De ese modo, Enarsa deja de cumplir el rol de comprador y vendedor, una función que ejerció de manera exclusiva desde 2008 para cubrir los picos de consumo invernal.
La decisión se inscribe, además, en el proceso de privatización y reconfiguración de la compañía, contemplado en la Ley de Bases y en el programa oficial de desinversión estatal. En ese marco, la salida de Enarsa de la importación de GNL aparece como un paso consistente con la estrategia del Gobierno de retirar al Estado del rol empresario y concentrarlo en la definición de reglas y controles.
La licitación se estructurará con una etapa de precalificación, en la que se evaluará la experiencia técnica, comercial y la solvencia financiera de los interesados. El criterio económico de adjudicación será claro: ganará quien ofrezca el menor adicional en dólares por millón de BTU sobre el precio internacional de referencia del gas en Europa. Ese valor adicional deberá absorber los costos logísticos de toda la cadena —desde el flete marítimo hasta la regasificación y el transporte por ductos— y definir el margen del operador.

Desde el punto de vista regulatorio, la resolución establece un mecanismo de contención de precios para el mercado local. El gas importado se valorizará tomando como base el índice Title Transfer Facility (TTF) de los Países Bajos, una de las principales referencias del mercado europeo, mientras que la competencia entre las empresas se concentrará en reducir el sobrecosto necesario para llevar ese gas hasta el sistema argentino.
La lógica es que el precio final resulte de una combinación entre una referencia internacional transparente y un diferencial definido por competencia.
El tratamiento del precio varía según el tipo de usuario. Para las distribuidoras que abastecen a hogares y comercios, el valor que surja del esquema podrá trasladarse a tarifas como pass-through del costo del gas, bajo la supervisión del regulador. En el segmento eléctrico, CAMMESA fijará un precio de referencia, mientras que los grandes usuarios industriales quedarán más expuestos a la evolución del precio internacional al momento de cada compra.

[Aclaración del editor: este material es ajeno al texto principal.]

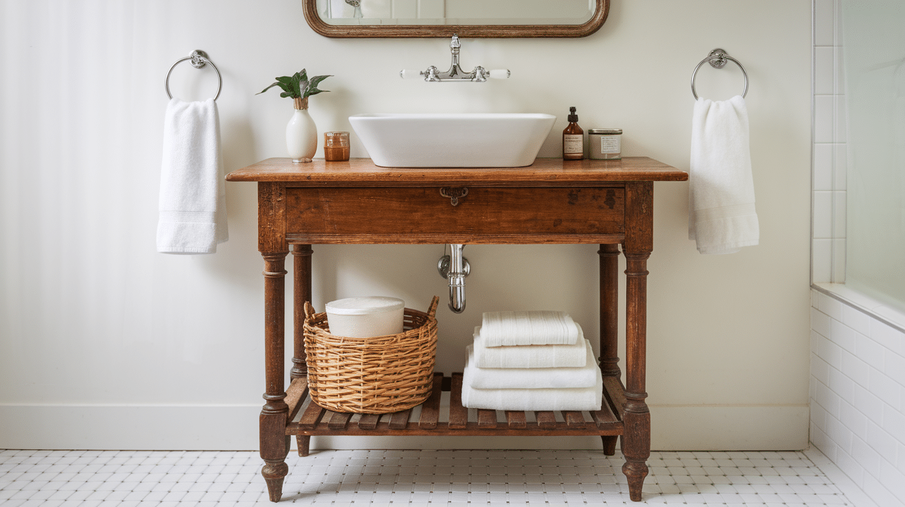 An antique wash stand can work well as a bathroom vanity. The top is a good spot for a small sink. You can cut a hole for plumbing and use the drawers to store towels, soap, and other bathroom items.
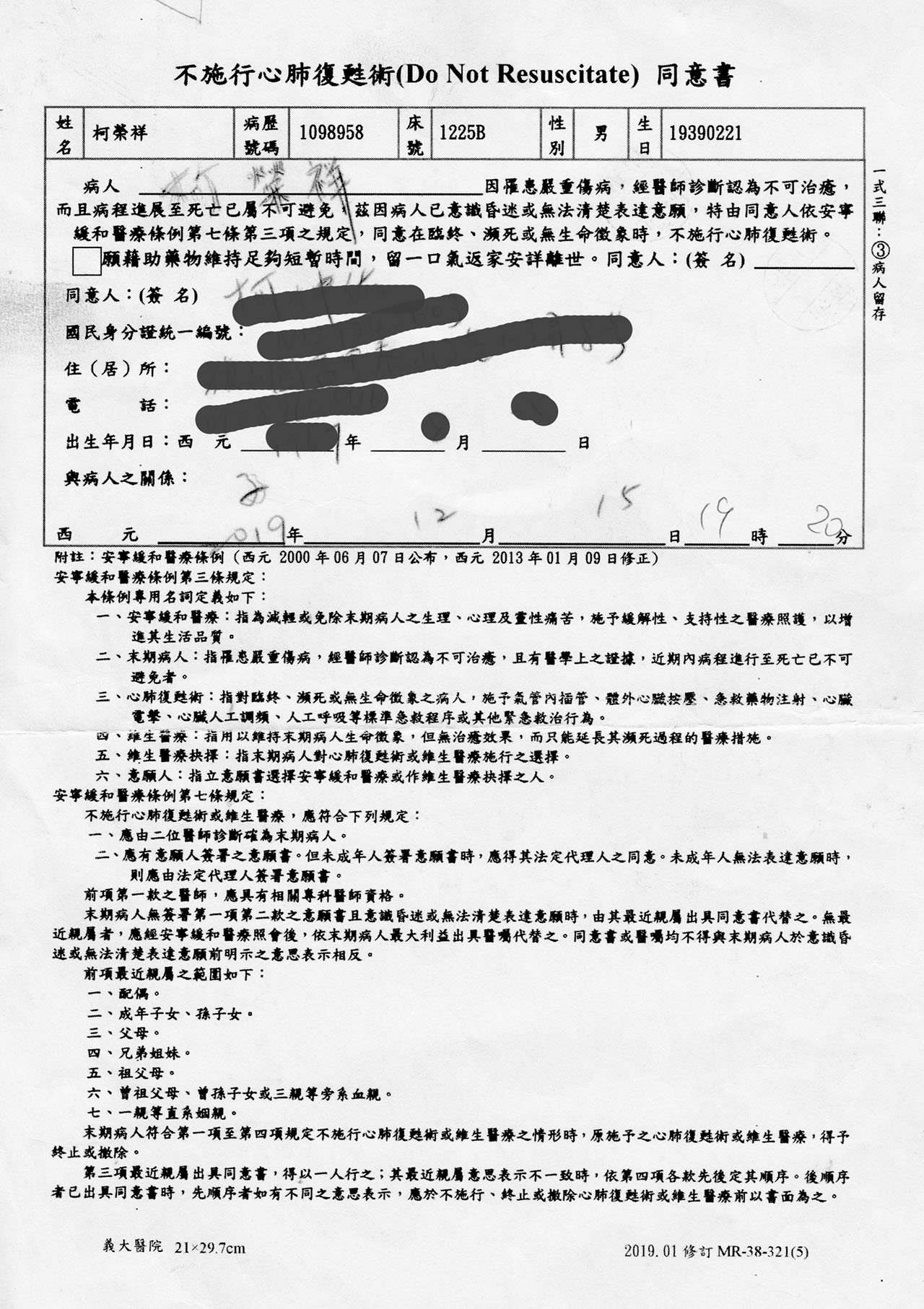 有圖有真相,站長父親在2019年12月9日因長期肺炎又轉惡化,送進高雄義大醫院搶救,醫師們用盡各種方法救治,12月15日晚間醫生們宣佈放棄,勸我趁一息尚存送回老家(在'彰化),我告訴醫生不用送,在醫院自然走(後事)就行了,因為家人都事先來看過了。於是醫生就叫我簽下面這張(放棄搶救)同意書,我簽了,醫生們也都離開了。

La decisión de concentrar la operación en un solo actor no responde a un criterio ideológico, sino operativo. Según los informes técnicos oficiales, la infraestructura de la terminal de Escobar —una unidad flotante de almacenamiento y regasificación— requiere una administración unificada para evitar conflictos en la programación de buques y en la gestión de inventarios. Por eso, el adjudicatario tendrá asignada la totalidad de la capacidad durante el período invernal, del 1° de abril al 30 de septiembre de 2026.
El contrato tendrá una duración de un año e incluye un incentivo clave: el derecho de preferencia para el invierno siguiente. Quien resulte ganador en esta licitación podrá igualar la mejor oferta si se convoca un nuevo proceso para 2027, un mecanismo pensado para atraer a grandes traders internacionales que priorizan previsibilidad y continuidad.
Detrás del cambio también aparece un objetivo fiscal. En los últimos años, el gas importado ingresó al país a precios muy superiores a los que pagaron los usuarios residenciales, una brecha que fue cubierta con subsidios del Tesoro. Al correr al Estado del rol de intermediario, el Gobierno busca que el costo del abastecimiento sea más visible y menos dependiente de transferencias fiscales, aunque queda abierta la discusión sobre cuánto de ese valor terminará impactando en las facturas durante los meses de mayor consumo.
Como cláusula de resguardo, la resolución prevé que, si la licitación no arroja ofertas convenientes o se declara desierta, la Secretaría de Energía podrá volver a instruir a Enarsa para que retome las compras. Una señal de que, aun con el giro hacia un esquema privado, el Gobierno no está dispuesto a poner en riesgo el suministro en el invierno de 2026.